When it was time to hook everything up, I needed a charge controller that would get me the most power from the panels and step up the output to the battery voltage. There were a couple of small inexpensive Chinese controllers on e-bay that had promise. I ended up using the one recommended by the Grin folks, the Eljoy step-up MPPT controller. This controller allows you to set the maximum output voltage to whatever you would like. Once the battery reaches that charge state, the controller will no longer give it any more current.
When I ordered the charge controller, I made a mistake and first placed an order for the Eljoy step-down version. That wasn’t going to work for the trike, but has proven to be very handy to charge the RV house battery using the same panel.
The panels are set up to produce about 20V on each one. I had the choice to either connect them in series or parallel. The main advantages of the series connection is simplicity, lower total current on the output wires, and a closer match of my 48V battery so the charge controller doesn’t have to do much work on the step-up. The main advantage of the parallel connection is that a partially shaded panel will not restrict the output of the other panel if it is in full sun. A rather small amount of partial shading can degrade the output substantially. Nevertheless, I went with the series connection.
A Fringe on Top
The last item to complete our trike to be ready for playa sun was to come up with some kind of curtains to help block out a little more of the bright desert sun. This is another one of those details where there is no clear simple ready-made solution where you think maybe there should be. Eventually I decided on a length of 1/2″ polyethylene tubing for the curtain track. I slit the wall of the tubing the entire length and nailed it every few inches through the slit to the underside of the solar panel frame. A trip to the animal-charity-thrift-store at the end of our street provided us with a fringed “beach blanket” that had just the right look for our surrey with a fringe on top. Not my usual tools, but an ironing board, fabric scissors, needle and thread, and some careful handwork allowed the curtains to emerge.

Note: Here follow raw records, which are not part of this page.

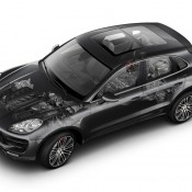 So let’s get to the details and see what’s what with the new Porsche Macan. The car will launch with three different versions, including Macan S, Macan Turbo, and Macan S Diesel. All models come as standard with Porsche Traction Management (PTM) active all-wheel drive and the Porsche PDK double-clutch transmission, and they all have V6 engines. Porsche Torque Vectoring Plus (PTV Plus) can be specified as well.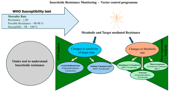 Globally, of the 91 malaria-endemic countries, 62 countries have reported the presence of resistance to at least one class of insecticide, and 50 countries have shown evidence of resistance to two or more classes of insecticides [10]. The failure to mitigate and manage insecticide resistance can lead to increased disease burden and, thus, may potentially reverse the gains and efforts of control programs. Insecticide resistance may alter the vector competence of the vector. This may be due to the expression of genes that are involved in blood feeding and acquiring immunity [11,12,13]. These biological changes can alter the longevity of the vectors [14,15]. Research has shown that insecticide resistance in mosquito vectors is acquired by the presence of two primary mechanisms, increased detoxification of the insecticides by overexpression of inherent detoxification enzymes and through favorable mutations, which result in reduced sensitivity of target sites to applied insecticides (target-site resistance) [16]. Cuticular thickness (penetration resistance) and behavioral avoidance have also been implied for the development of resistance towards insecticides in mosquito vectors [17,18,19]. An inclusive understanding of resistance mechanisms and regulations in vectors needs to be studied carefully. The recent advances in omics can enhance our understanding of associated molecular mechanisms of insecticide resistance in mosquito vectors and facilitate the development of newer insecticides in the future. However, the characterization of phenotypic resistance in vector mosquitoes is essential in the determination of inherent resistance mechanisms related to target-site and metabolic resistance. This review aims to highlight the application of omics towards understanding insecticide resistance in vector mosquitoes.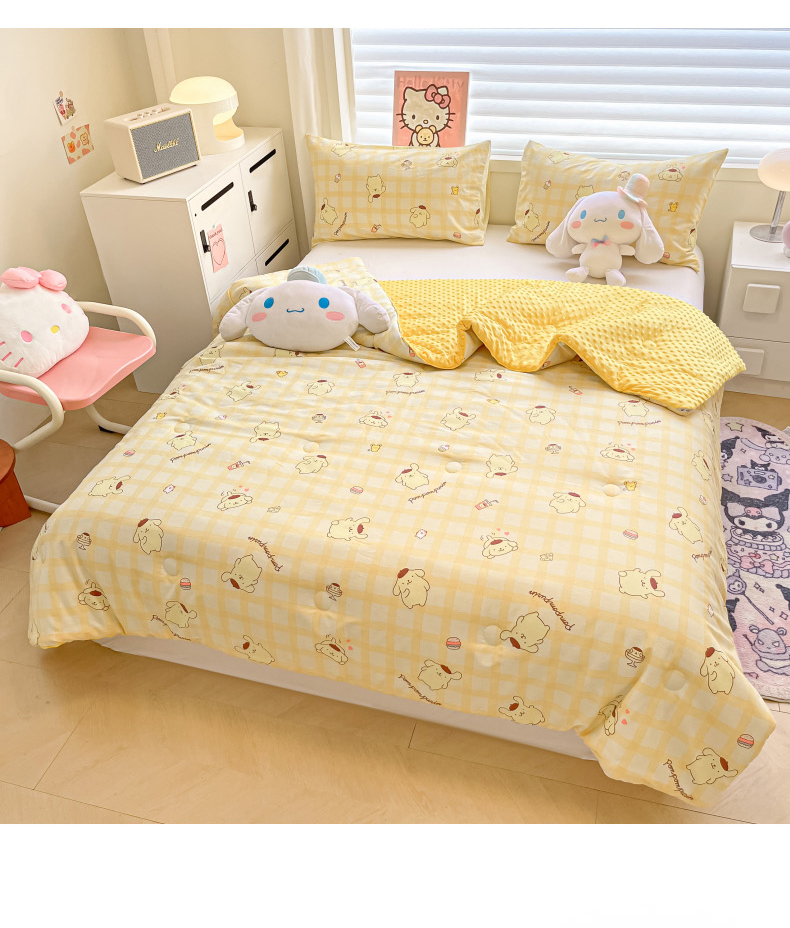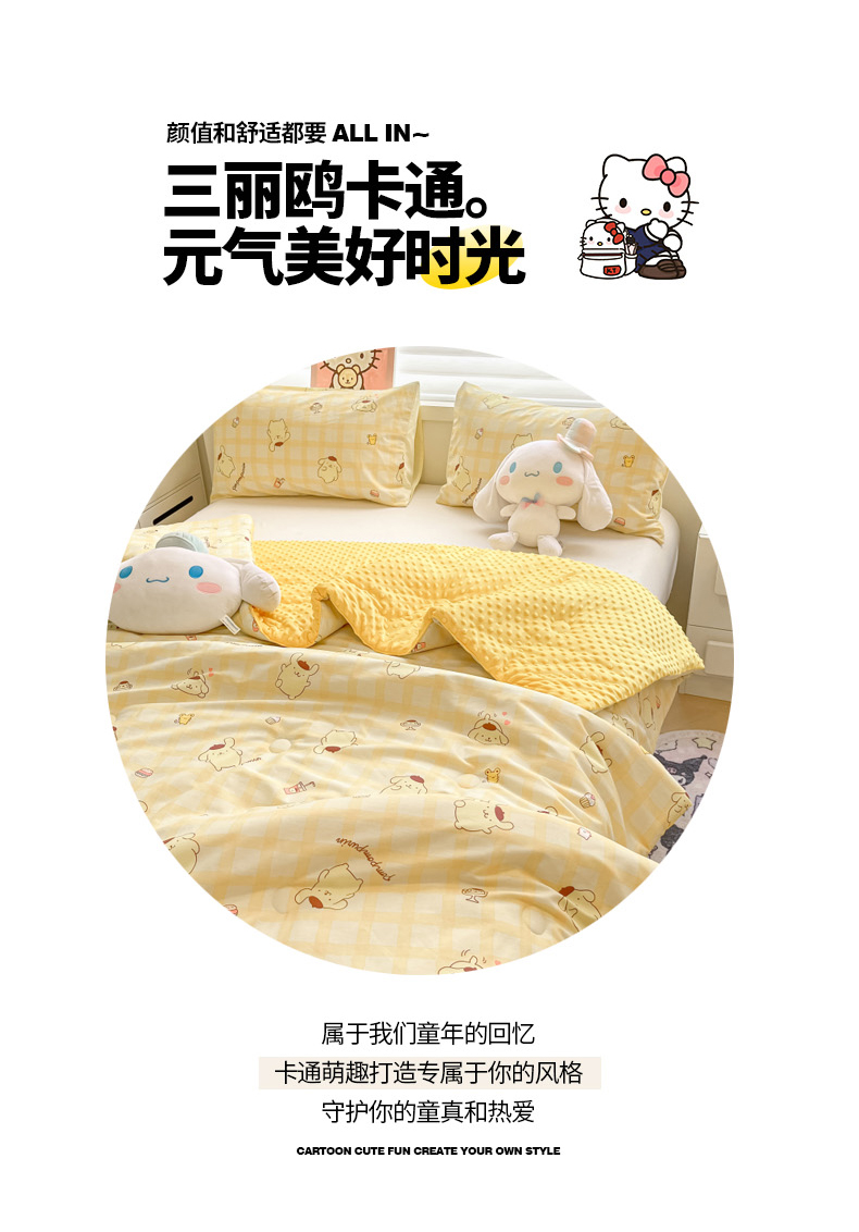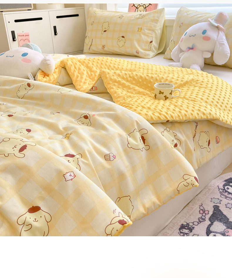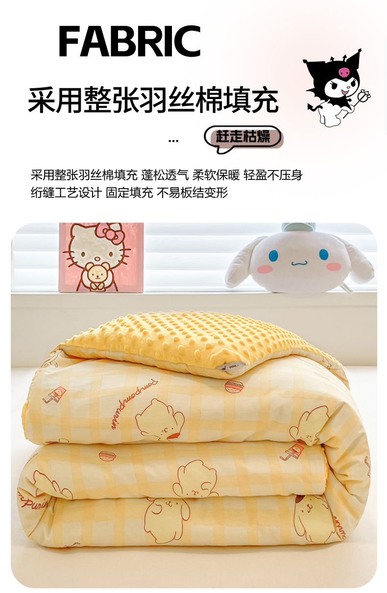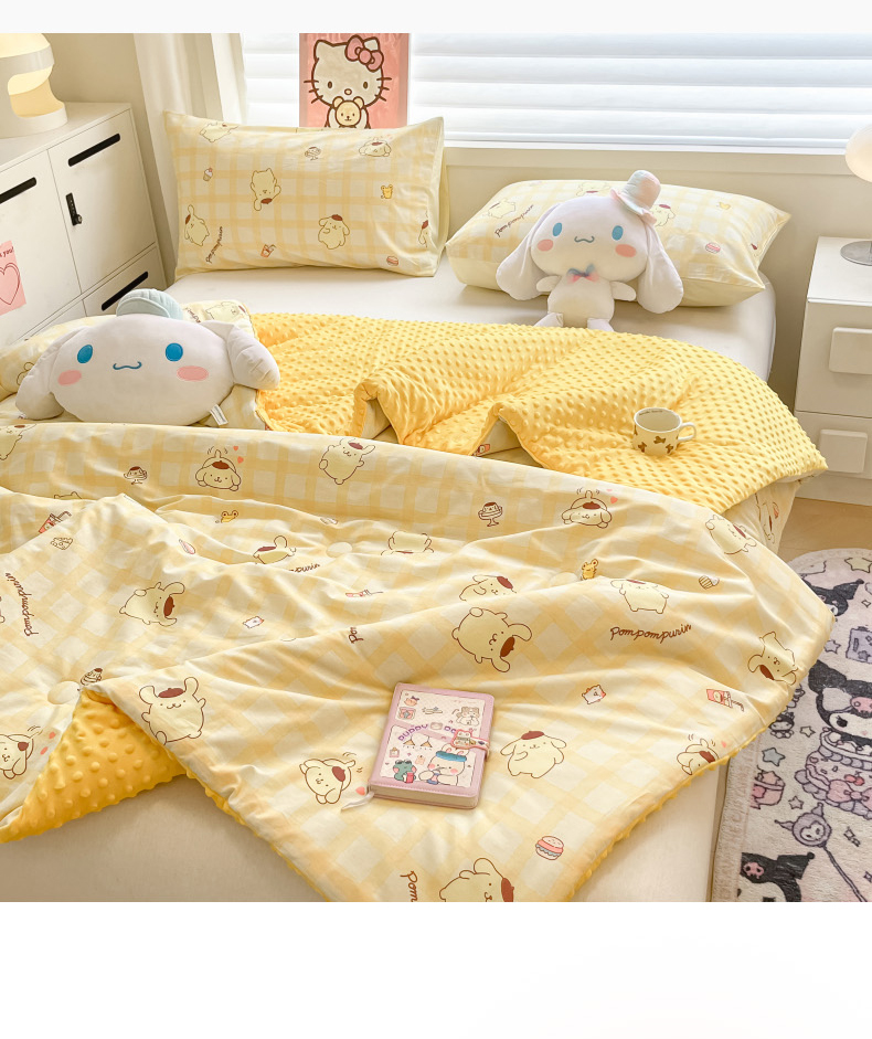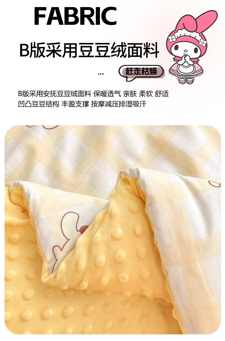 • 91家纺网 家纺一手货源 找家纺 暮思家居 2025新款正版授权三丽鸥A版纯棉B版安抚豆豆绒春秋被冬被豆豆被被子被芯系列 豆豆被-焦糖布丁狗

Ellen had some ugly old beads that could slide down the tube. I used some 80 lb testTeflon impregnated braided fishing line to sew the beads to the fabric every couple of inches. The beach blanket came with a couple of Velcro straps that I repurposed to be able to tie the side curtains back.
The panels work very well. In good sun they will easily produce 250W, topping up the DateTrikE’s battery in short order. At Burning Man last week, we put more than 100 miles on the trike scampering around the playa. The photo below shows us tricked out with our playa gear, the “dust bunnies” hanging on to the rear supports, the canopy curtains tied back for the expansive evening playa views.